Abstract

Red algae (Rhodophyta) belong to the superphylum Archaeplastida, and are a species-rich group exhibiting diverse morphologies. Theory has it that the unicellular red algal ancestor went through a phase of genome contraction caused by adaptation to extreme environments. More recently, the classes Porphyridiophyceae, Bangiophyceae, and Florideophyceae experienced genome expansions, coinciding with an increase in morphological complexity. Transcription-associated proteins (TAPs) regulate transcription, show lineage-specific patterns, and are related to organismal complexity.
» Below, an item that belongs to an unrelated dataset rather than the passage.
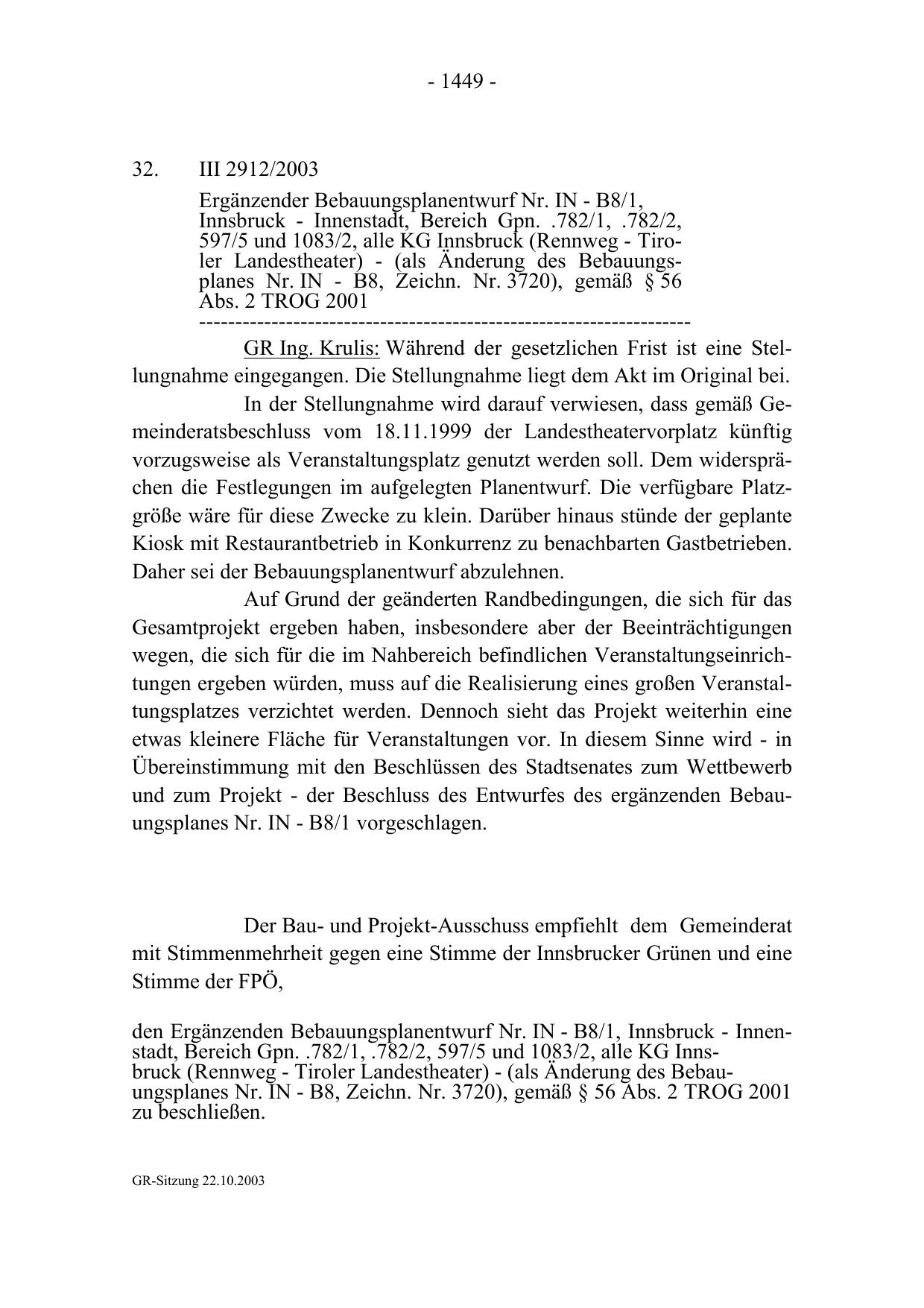 597/5 und 1083/2, alle KG Innsbruck (Rennweg - Tiroler Landestheater) - (als Änderung des Bebauungsplanes Nr. IN - B8, Zeichn. Nr. 3720), gemäß § 56

To better understand red algal TAP complexity and evolution, we investigated the TAP family complement of uni- and multi-cellular red algae. We found that the TAP family complement correlates with gain of morphological complexity in the multicellular Bangiophyceae and Florideophyceae, and that abundance of the C2H2 zinc finger transcription factor family may be associated with the acquisition of morphological complexity. An expansion of heat shock transcription factors (HSF) occurred within the unicellular Cyanidiales, potentially as an adaption to extreme environmental conditions.

Highlights

  • Oxygenic photosynthesis emerged about 2.4 billion years ago in the Cyanobacteria, and formed the basis for global formation of energy-rich substrates and oxygen [1,2]

  • The evolution of the first complex plastid through primary endosymbiosis occurred during the early emergence of the superphylum Archaeplastida, comprising red algae (Rhodophyta), Glaucophyta, and the “green lineage” (Chloroplastida)—the latter comprising the Chlorophyta and the Streptophyta, which can be further divided into streptophyte algae and land plants (Embryophyta) (Figure 1) [5]

  • During analyses and manual curation of algal genomes, we found that several Transcription-associated proteins (TAPs) family profiles had suboptimal sensitivity, in particular AP2/EREBP, bZIP, bHLH, C2H2, and HMG (Supplementary Table S2)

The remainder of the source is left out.